Policymakers should focus on three dimensions:
1) Encouraging private capital market solutions
The change in market ownership from private to public players over the past 10 years has had several unintended side effects, including crowding out long-term investors such as re/insurers, which are a central component of system resilience. A more supportive policy environment would enable the private sector to play a bigger role in building resilience and help to alleviate government-contingent liabilities. For example, re/insurers could play a key role in narrowing the global pension gap – which is forecast to grow by 5% annually to $400 trillion by 2050 – by providing risk-transfer solutions for underfunded private pension schemes, and annuity products to encourage more discretionary saving for retirement.
2) Introducing a tradable infrastructure asset class
At the same time, new asset classes and products should be developed – for example, to address the large infrastructure financing gap, estimated at $97 trillion through 2040 and relieve the burden on government budgets. The starting point for establishing a tradable infrastructure asset class is promoting standardization and transparency through a common disclosure framework and related documentation. This would go a long way towards unlocking the global re/insurance sector's estimated $30 trillion of assets under management for investments in critical infrastructure projects that support the low-carbon economy. It would also strengthen our industry's dual role: as well as pricing and underwriting the risk of adverse climate-related weather events, we would invest in long-term resilience-building projects. As such, we not only focus on mitigating climate risks, but also adaptation, which is crucially important.

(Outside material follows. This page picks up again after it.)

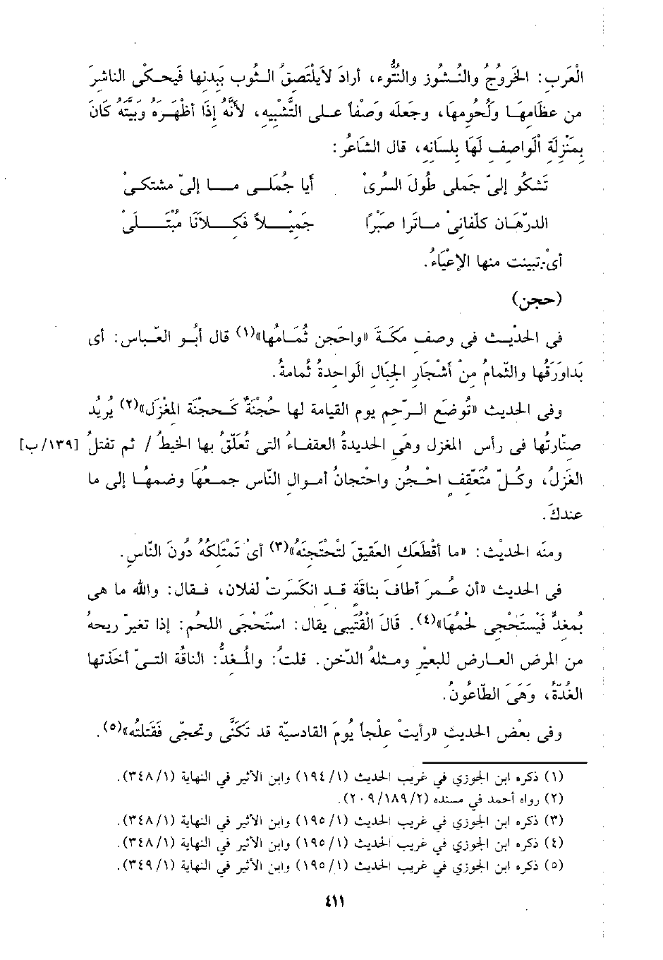 وفي الحديث (توضع الرحم يوم القيامة لها حجنة كحجنة المغزل) يريد صنارتها في رأس المغزل وهي الحديدة العقفاء التي تعلق بها الخيط/ ثم تفتل [139/ب] الغزل، وكل متعقف أحجن واحتجان أموال الناس جمعها وضمها إلى ما عندك.

3) Promoting sustainable investing
Additionally, further progress towards a common classification system – a so-called taxonomy – for sustainable finance is needed, outlining whether an economic activity is environmentally sustainable. Through close collaboration between the private and public sectors, policymakers should establish a risk-based market-consistent regulatory framework for environmental, social and governance (ESG) investments and increase the importance of ESG in financial analysis. As well as making economic sense, including sustainable considerations in investment processes would help to strengthen our economies and societies now and for future generations.
Will we be fast enough?
Globalisation 4.0 must be truly different from what we have seen so far. New approaches, policies and a shift towards long-term thinking are urgently needed to create a more resilient future. Building a solid macro-economic environment and resilient societies is in the interest of both the public and private sectors – recent market volatility only underscores this need. With no time to spare, let's combine our knowledge and resources and partner up to help reduce threat of climate change, create next wave of economic growth and, in doing so, secure the future for generations to come. The question is: will we act fast enough?